Other hadoop settings.

<settings>
    <common>
      <hadoop>
        <kerberos>
          <principal>nat-csr@KBHPC.KB.DK</principal>
          <keytab>/home/devel/extra_configs/kerberos_config/nat-csr.keytab</keytab>
          <krb5-conf>/home/devel/extra_configs/kerberos_config/krb5.conf</krb5-conf>
        </kerberos>
        <mapred>
          <hadoopUberJar>uberlib/hadoop-uber-jar.jar</hadoopUberJar>
          <cdxJob>
            <inputDir>/user/nat-csr/nas_cdx_input</inputDir>
            <outputDir>/user/nat-csr/nas_cdx_output</outputDir>
          </cdxJob>
          <metadataExtractionJob>
            <inputDir>/user/nat-csr/nas_cache_input</inputDir>
            <outputDir>/user/nat-csr/nas_cache_output</outputDir>
          </metadataExtractionJob>
          <metadataCDXExtractionJob>
            <inputDir>/user/nat-csr/nas_metadata_cdx_input</inputDir>
            <outputDir>/user/nat-csr/nas_metadata_cdx_output</outputDir>
          </metadataCDXExtractionJob>
          <crawlLogExtractionJob>
            <inputDir>/user/nat-csr/nas_crawllog_input</inputDir>
            <outputDir>/user/nat-csr/nas_crawllog_output</outputDir>
          </crawlLogExtractionJob>
        </mapred>
      </hadoop>
      <useBitmagHadoopBackend>true</useBitmagHadoopBackend>

Note that the kerberos principal and keytab (ie username and password) should be supplied by the application manager for the hadoop platform, as is the krb5.conf file.

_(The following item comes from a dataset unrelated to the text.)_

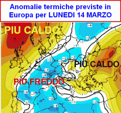 Osservate attentamente le anomalie termiche a scala europea attese per la giornata di lunedì 14 marzo.

The hadoopUberJar is now included in the standard netarchivesuite deployment and should therefore have the value shown. The various input and output directories refer to paths under hadoops hdfs filesystem. These may need to be adjusted depending on the hadoop username used ie. they should refer to paths where that user has write-permission. 

WarcRecordService

The following settings are needed 

<settings>
	<common>
		<warcRecordService> 
			<baseUrl>https://kb-test-netarkivet-bitmag-acs-01.kb.dk/cgi-bin/warcrecordservice.cgi/</baseUrl>
		</warcRecordService>
		<fileResolver>
			<class>dk.netarkivet.common.utils.service.FileResolverRESTClient</class>
			<baseUrl>https://kb-test-netarkivet-bitmag-acs-01.kb.dk/cgi-bin/fileresolver.cgi/</baseUrl>
			<keyfile>/home/devel/extra_configs/https_config/https_key.pem</keyfile>
		</fileResolver>

The two urls should be provided by the application manager for the WarcRecordService system. The keyfile should be generated by the NetarchiveSuite application manager and supplied to the application manager for the WarcRecordService system.